Hop Pop: This can't be good.
[grunting]
[crowd groans]
[crowd gasps]
Toadstool: Like we talked about. Stay down, Plantar.
Crowd: [distorted] Get up!
Anne: You can do it!
Sprig: Come on, Hop Pop!
Toadstool: Stay down!
[groaning]
(Hop Pop gets up.)
Toadstool: What are you, crazy? You could have been rich. You could've had your stand back. All you had to do was give up! [panting] Why?
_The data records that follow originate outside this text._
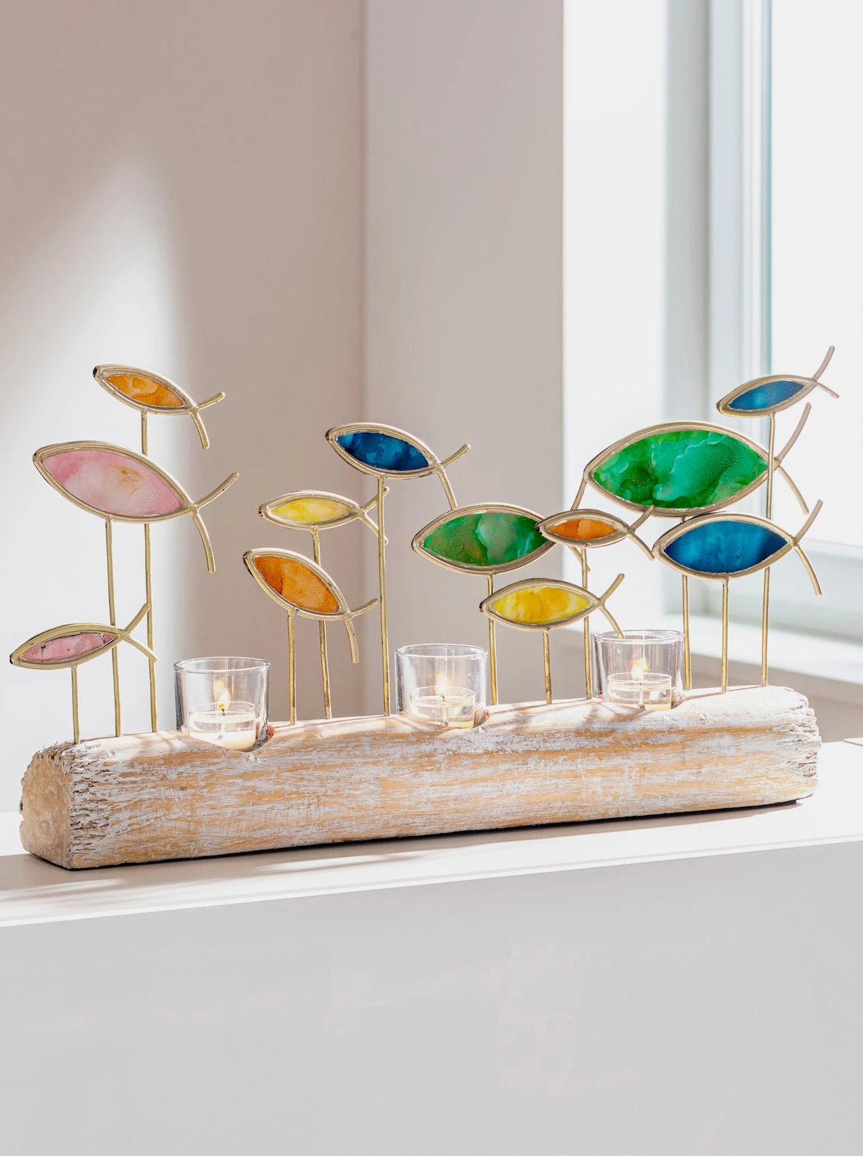 Kerzenhalter Aus massivem Albasiaholz, weiß gewischt. Metallfische mit Glasfüllung, handbemalt. Kunsthandwerkliche gefertigt. Jedes Teil fällt individuell aus. Abweichungen möglich. Mit 3 Glaseinsätzen, H/ø ca. 6,5/5,5 cm.
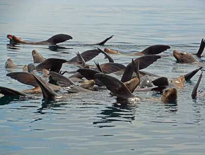 A very colorful sunrise created beautiful patterns on the water as we started our day aboard National Geographic Sea Lion. We enjoyed tranquil seas and an overcast sky, with an occasional glimpse of a marine mammal and some bird watching – Heermann’s gulls, storm petrels, and brown pelicans became photographic subjects.
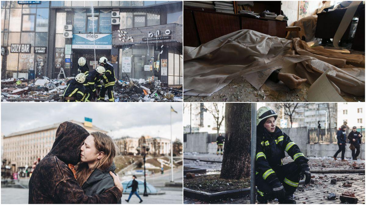 Update 10.15 Cladire din Bucha - periferie Kiev - lovită de o rachetă lansată de trupele ruse
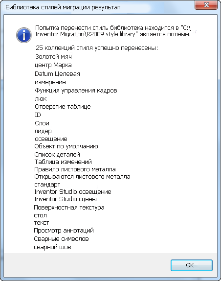 - Если библиотека стилей, поставляемая с предыдущей версией, не изменялась, нет необходимости переносить ее. Используйте библиотеку стилей, которая поставляется вместе с новой версией Inventor.

Hop Pop: Because this is about more than just me!
(He punches Toadstool.)
Toadstool: [groans]
Duckweed: That's a knockout!
Old frog: Huh? Ring the bell!
[bell rings]
[cheering, applause]
Crowd: Hop Pop! Yeah! Whoo!
Duckweed: Well, folks, that wraps up the trials. Now it's time to tally the votes! With 88 votes, 100% of Wartwood, Hopediah Plantar!
Hop Pop: What? I won?
Duckweed: And with 22,000 votes, the entire rest of the Valley, Mayor Toadstool!
Hop Pop: What?
Duckweed: Congratulations, sir.
Toadstool: Thank you. Thank you all. You're all too kind. Democracy wins again!
[crowd groaning]
Toadstool: Well, you certainly gave this toad a run for his money. Good thing you didn't win though, huh? [laughs] A frog beating a toad. That would have made headlines! Just be proud the whole town loved ya. I'm surprised the rest of the valley didn't.
Hop Pop: How was I supposed to know the rest of the valley got a vote? I'm a theater major, for cricket's sake!
Toadstool: Wait, wait now. You didn't campaign outside Wartwood? Oh, son. That's just sad. Really is. Almost takes the joy out of my victory.
Toadie: The victory piñata is all set up in the lobby, sir.
Toadstool: Well, I did say "almost." Wahoo! Piñata! I'm gonna hit it.
Sprig: Hey, Hop Pop...You okay?
Hop Pop: Yep! I've never felt better!
Sprig: Huh?
Anne: Really? You know you lost, right? Are you in shock? Is he in shock?
Hop Pop: I may have lost, but I stood my ground and fought for something important. And that feels good.
Wally: Hopediah? Uh, may we have a word?
Felicia: We all pitched in and built you a stand. For giving us something better than produce...
Wally: Hope.
Mrs. Croaker: You've made us all proud.
Hop Pop: I may have lost the race, but I'm back at the market with all of you. And that makes me a winner. This is perfect. I wouldn't have put the root vegetables with the tubers, though. It's not important. (beat) I'll fix it later.